DEV Community

Ryan Qi
Ryan Qi

Posted on

Your risk model passes all its tests. It will still blow up in a crisis.

It's rough. There are probably bugs. But if I wait until it's perfect, I'll never post it.

So here it is.


"Black swans being unpredictable, we need to adjust to their existence rather than naively try to predict them."


The thing that annoyed me

I was writing a portfolio risk model a few months back. Linters happy, tests passing, everything looked fine. Ran it against historical data, still fine.

Then I started wondering: what actually happens to this thing during a liquidity crisis? Like, what if correlations spike hard and vol goes through the roof at the same time? Does the math still hold?

I couldn't find a clean way to answer that. Backtesting libraries exist, sure, but I wanted something that would look at the code itself and tell me where it breaks and why. Not just that it produced a wrong number. The exact line. The exact input. The chain of variables that led there.

I couldn't find that tool so I started building it. That became BlackSwan.


What it actually does

You point it at a Python function containing financial or numerical logic, pick a stress scenario, and it hammers the function with thousands of perturbed inputs drawn from realistic market conditions: liquidity crash, vol spike, correlation breakdown, rate shock, missing data.

When it finds failures, it tells you the exact line, how often it happened, which input caused it, and traces the causal chain back to the root variable. It even suggests a fix.

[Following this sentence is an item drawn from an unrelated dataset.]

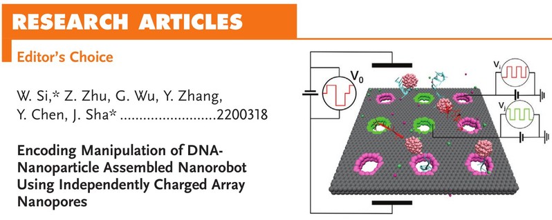 在过去的几十年里,科学家们开发了基于各种驱动原理的不同类型的纳米机器人,以实现对它们的控制操作,从而在医疗诊断和定向货运等潜在应用中发挥作用。医疗机器人可以在适应人体的前提下,进行复杂、准确的诊断和治疗操作。多功能纳米机器人将允许自己进入人体的几乎所有部位,将手术细化到细胞甚至分子水平,并以更高的准确性和效率提供局部诊断和治疗。不可否认,纳米机器人有其独特的特点,在某些特定任务中表现良好。然而,要加速微纳机器人技术的发展,仍有许多挑战和局限性有待解决。论文中设计了由一条单链DNA(ssDNA)或两条ssDNA和一个纳米粒子组装而成的新型纳米机器人。它们的运动由电泳和电渗共同控制,所构建的纳米机器人可以在石墨烯膜上移动,阵列纳米孔通过编码以调节其表面电荷。利用外加电场和每个纳米孔的表面电荷密度的控制策略,实现对纳米机器人的编码驱动与操控。论文在理论上通过电渗和电泳的结合以及它们之间的竞争实现了纳米机器人的定向操控,包括:单足纳米机器人的捕获跳跃移动,双足纳米机器人的捕获跳跃移动和双足纳米机器人捕获后在双孔之间的爬行。

$ python -m blackswan test models/risk.py --scenario liquidity_crash
Enter fullscreen mode Exit fullscreen mode
{
  "shatter_points": [
    {
      "line": 36,
      "severity": "critical",
      "failure_type": "non_psd_matrix",
      "message": "Covariance matrix loses positive semi-definiteness when pairwise correlation exceeds 0.91.",
      "frequency": "847 / 5000 iterations (16.9%)",
      "causal_chain": [
        { "line": 8,  "variable": "correlation", "role": "root_input" },
        { "line": 31, "variable": "corr_matrix",  "role": "intermediate" },
        { "line": 36, "variable": "cov_matrix",   "role": "failure_site" }
      ],
      "fix_hint": "Apply nearest-PSD correction (Higham 2002) after correlation perturbation, or clamp eigenvalues to epsilon."
    }
  ]
}
Enter fullscreen mode Exit fullscreen mode

Line 36. 16.9% failure rate under a liquidity crash scenario. That covariance matrix was quietly breaking almost 1 in 6 times and nothing in my normal workflow would have caught it. The model would have just... silently produced garbage.

That's the gap BlackSwan is trying to fill. Standard testing tools understand code structure. They don't understand mathematical behavior under stress.


How far along is it

Genuinely early. I want to be upfront about that.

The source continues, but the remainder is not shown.